Захряпин перевел дух, хотел было еще что-то прибавить, но Бутаков возгорелся, вскочил, взмахнул сигарой.
– Господа, господа, послушайте. Мне вот так и видятся пароходы на Арале, груженные товарами, и караваны, спешащие в Хиву, в Бухару, далее, далее. А тут-то, господа, тут-то какая жизнь может расцвесть! – Он ткнул сигарой в пространство. – Вот на этих самых богом забытых берегах. И поселения, и фактории, и поля. Ого-го! А начать надобно пароходами. Парусами немногое возьмешь. Пароходы! И еще – чугунку. У них там, в Европах, железные дороги да пароходы как бы венчают дело, у нас начнут. – Бутаков коснулся ладонью плеча Захряпина. – Верно, очень верно говорите, Николай Васильевич, никак нельзя. Джон Буль уж и без того полсвета заграбастал, а все ему мало. Отдадим, будет стыдно, стыдно и непростительно. А уж он, Джон Буль, своего не упустит, шельма… Нет, не упустит.
Бутаков сел и заговорил спокойнее.
– Вот, господа, помнится, встретил я на мысе Доброй Надежды, когда на «Або» ходил, одного майора. Так он мне про Афганистан рассказывал. Нет, погодите, не майор – капитан. Да, да, капитан Джонсон. Капитан, это – верно. Впрочем, не в том суть. Джонсон этот… Мы с ним в Капштадте познакомились, в трактире Джордж-отель обедали. Краснорожий, квадратный, природный Джон Буль. И, доложу я вам, занятный малый. Где только не носило его.
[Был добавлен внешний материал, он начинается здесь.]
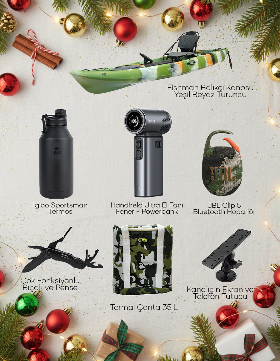 Balıkçılık tutkusunu doğayla birleştirenler için özel olarak hazırlanan Balıkçı Seti, su üstünde konforlu ve güvenli bir deneyim sunacak ekipmanları bir araya getirir. Setin merkezinde yer alan Fishman Balıkçı Kanosu, tek kişilik kullanıma uygun, yüksek taşıma kapasiteli ve balıkçılık odaklı donanımıyla öne çıkar. Outdoor keyfini tamamlayan teknoloji ve yardımcı ürünlerle birlikte, tam kapsamlı bir balıkçılık paketi sunar.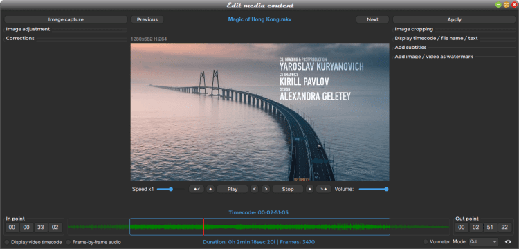 - поддержка кодеков DNxHD, DNxHR, Apple ProRes, QT Animation, GoPro CineForm, Uncompressed YUV, H.264, H.265, VP9, AV1, OGV, XDCAM HD422, AVC-Intra 100, XAVC, HAP, DV PAL, MJPEG, Xvid, WMV, MPEG;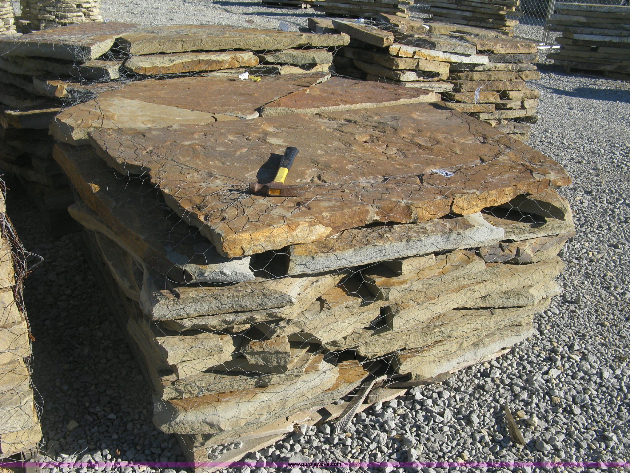 Purple Wave is selling a used Lawn and Garden in Kansas. This item is a Oklahoma brown tan large flagstones with the following: Approx 4,800 lbs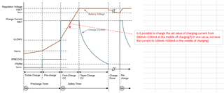 Is it possible to change the set value of charging current from 500mA->100mA in the middle of charging?(Or vice versa, increase the current to 100mA->500mA in the middle of charging) See attached.

В Испании служил под начальством герцога Веллингтона, и на Святой Елене, в гарнизоне, когда там Наполеона держали, и в Ост-Индии. А в Капштадт занесло мимоездом: домой спешил, возвращался из афганского похода. Ну-с, он мне рассказал, как они в Афганистане-то куролесили. Джонсон там ранения заполучил. – Алексей Иванович рассмеялся: – Как это у Байрона? Служба в британских войсках представляет постоянные случаи к смерти и никаких к производству. Это, кажется, не только в британских войсках… Ну-с, капитан мой не семи пядей во лбу был, а сказал так: чего же, мол, вы, русские, в Азии-то медлите? Вы ведь (это я, господа, подлинные его слова помню), вы ведь первая нация в свете, решительно первая. Почему же, спрашиваю, первая, сэр, из чего заключили? А как же, отвечает, как же не первая? Вы, русские, Москву свою не отдали, то есть, хоть и отдали, а сожгли, а мы никогда бы не отважились свой закоптелый Лондон спалить, бери его хоть Наполеон, хоть дьявол. – Бутаков бросил сигару. – Прошу прощения, меня с курса снесло. Еще раз говорю, верно, очень верно мыслит Николай Васильевич.
В продолжение речи Бутакова шкипер Мертваго хмурился больше и больше. Глаз он не поднимал, плечи его все так же были опущены, но порожнюю рюмку он уже выпустил, держал теперь в руке трубочку и быстро покусывал мундштучок. Едва Бутаков умолк, Мертваго процедил:
– Азия-с! По горло в дерьме, извините, сидим, а туда же – в колонисты. Гиль все это, господа, гиль и подлость.
За столом произошло движение, с минуту все молчали.
– Как прикажете понимать, Федор Степанович? – недоуменно спросил Бутаков.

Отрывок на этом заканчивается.